21 May 2017

Possibly the most difficult beautiful lesson I'm learning

 What do we do when we come to the end? The end of hope.  When we realize that free will has gotten in the way of our dreams.  When there's no medical answer, our bodies won't  do what we want,  there is no pot of gold at the end of the rainbow. When you're single and you want to be married, when your child has decided to worship another god, when you want a child and your womb is empty.  When you're married but don't know how to live with the person next to you.

 I know what I've done. Looked for promises that I thought were contracts.  Taken ice cream when all I really wanted was cake. Numbed, stuffed, ignored, cried, begged,  pleaded, held my breath. Sometimes those things work.  Or they just work for a time. So I can take another breath and take another step  and face the next day.  I tried to settle and be happy with what I have and where I am.  There's a place for thankfulness,  but that message is for another day.

 I've been here a year now and I can tell you that it hasn't been all that I thought it would be. I still know it was the right thing to do and there are many things that have happened to me here that I've been for my health and my growth.   I can look back now and see that I had unrealistic expectations. Not that I knew they were unrealistic at the time which possibly means it hurts a little bit more.

 So I come face-to-face. With God.

 How many times I've read the Bible and not taken the words seriously.  That somehow they didn't apply to me or that was just for that person or apostle.  And then it's kind of like hitting your shin on the table. Those words are real.

 Jesus said, what is it to you what I do with him?

 Our God is a jealous God.

 For in this world you will have troubles.

 When you walk thru the shadow of the valley of death.

 And all of those who died not seen the  fulfillment of the promise.

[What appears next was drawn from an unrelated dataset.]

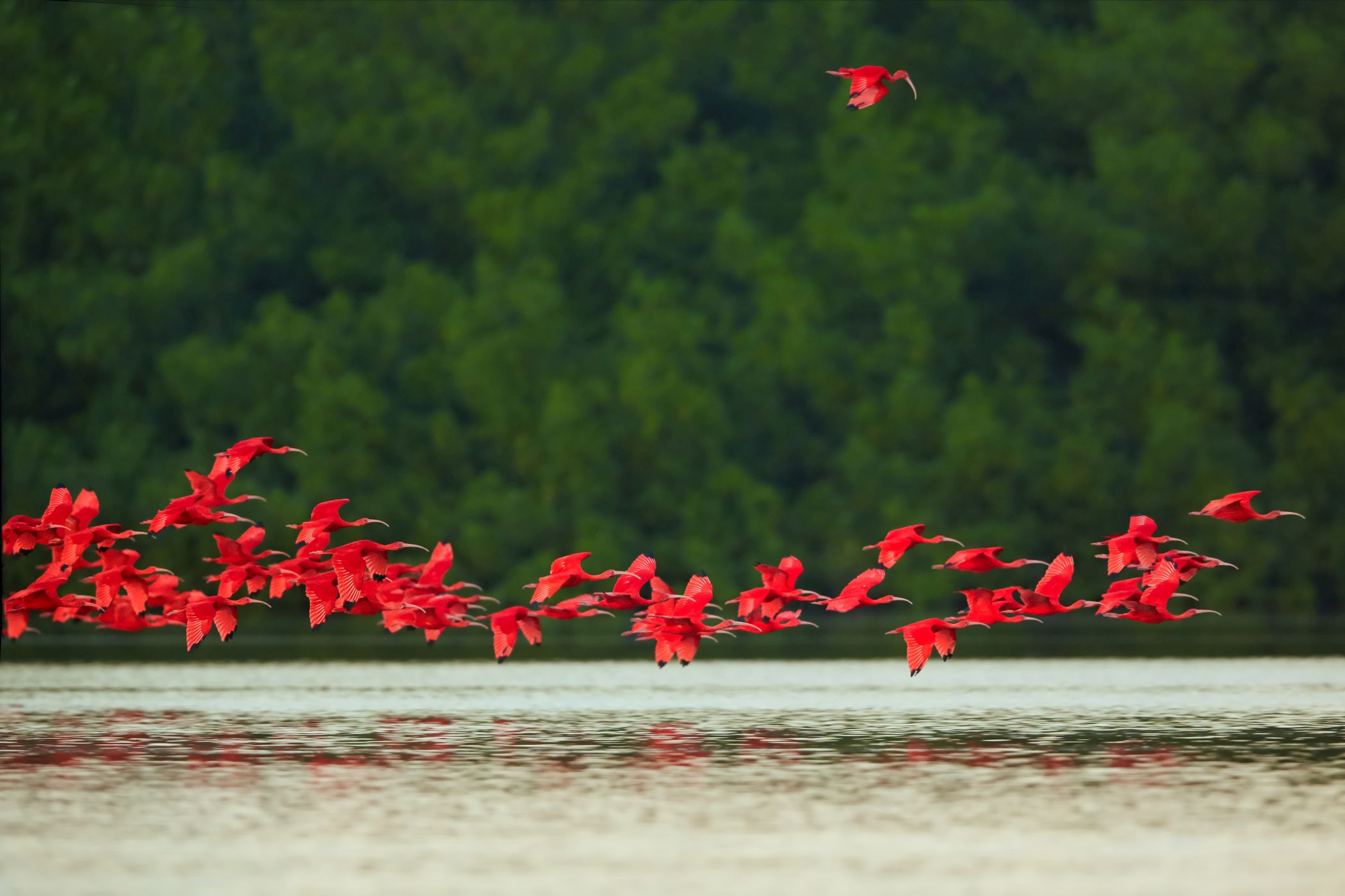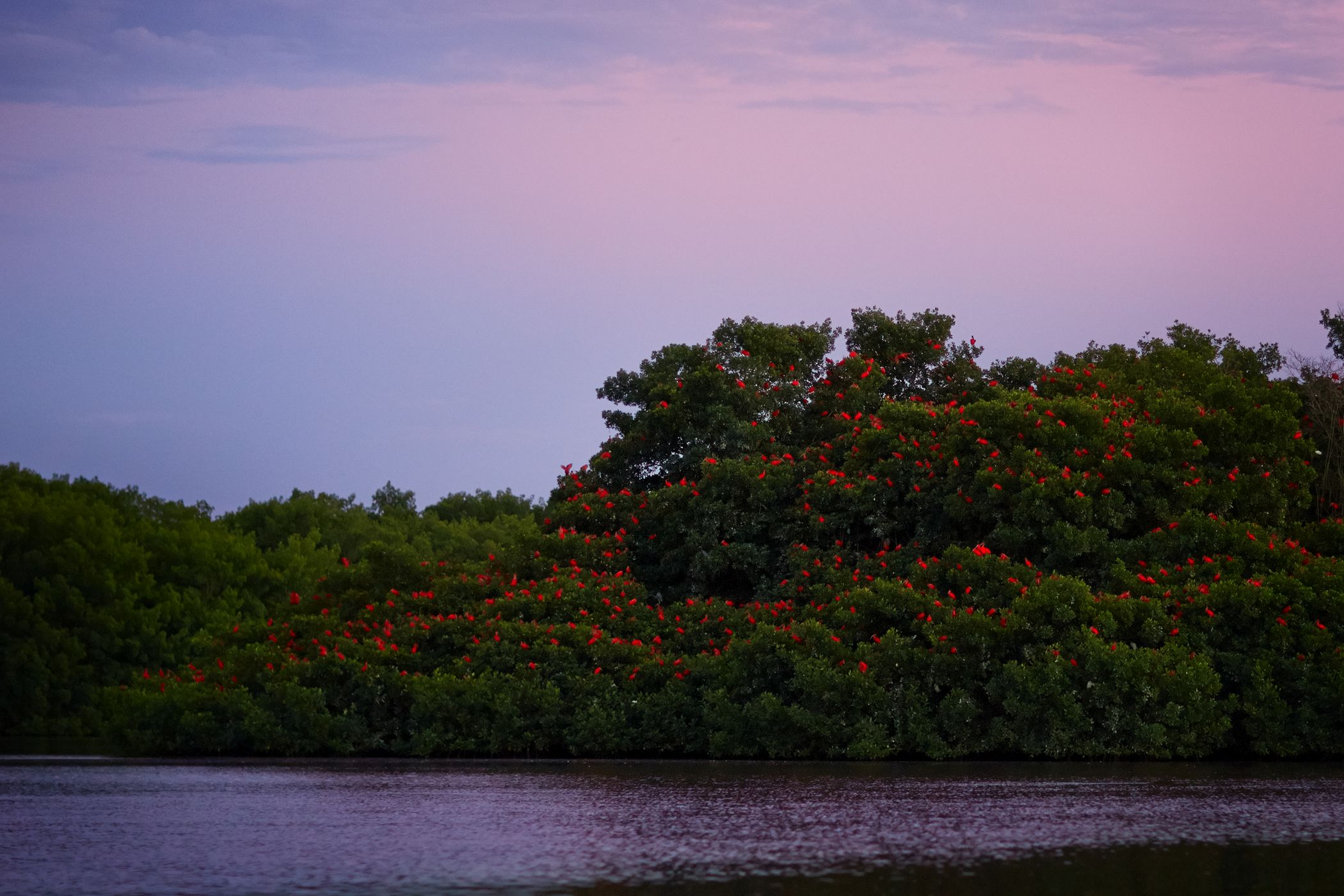 • Ibisové roztroušení po mangrovech mokřadu vypadají jako rudé kapky.

 Christianity, the faith I basically believe in, many times tries to fill these places with things to do,  sometimes known as the three-step process, or sometimes as a formula. Find out what is missing in the formula and fill it in and it will work. I believe  that sometimes these methods or teachings or sermons come from the heart that wants to help. That's not a malicious intent.

 A wise woman said to me, we don't hope because of Christ, Christ is our hope.  Grammatically the difference looks so slight but in reality it is probably the biggest shift of our spiritual life that we face.  As much as my emotions rail against such there is something deep in my spirit that witnesses that this is the way, the life, and the truth.

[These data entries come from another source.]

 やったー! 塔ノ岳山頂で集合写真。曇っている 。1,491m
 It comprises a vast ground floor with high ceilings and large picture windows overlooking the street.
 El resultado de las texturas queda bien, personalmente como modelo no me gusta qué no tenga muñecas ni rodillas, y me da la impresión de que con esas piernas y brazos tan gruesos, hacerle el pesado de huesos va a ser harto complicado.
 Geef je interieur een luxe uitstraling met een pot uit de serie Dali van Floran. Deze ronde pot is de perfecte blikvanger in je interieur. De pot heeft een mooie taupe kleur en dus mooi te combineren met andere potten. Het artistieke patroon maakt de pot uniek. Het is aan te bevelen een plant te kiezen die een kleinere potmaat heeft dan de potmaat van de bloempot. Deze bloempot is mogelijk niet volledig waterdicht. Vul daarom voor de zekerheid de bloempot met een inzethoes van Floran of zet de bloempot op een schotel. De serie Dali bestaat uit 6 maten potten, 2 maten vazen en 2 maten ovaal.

 This is not the end of my story and I know there will be more to come. And it doesn't get easier with time. The choices get harder, the depths gets deeper  but from experience I can say the rewards are greater.

 So I don't have any more grandiose answers to  soothe the aches and pains of life. Things that are not changing, things that are  not turning out right, and the dreams don't come true.  But here are some words that I believe God means :

 Taste and see that the Lord is good.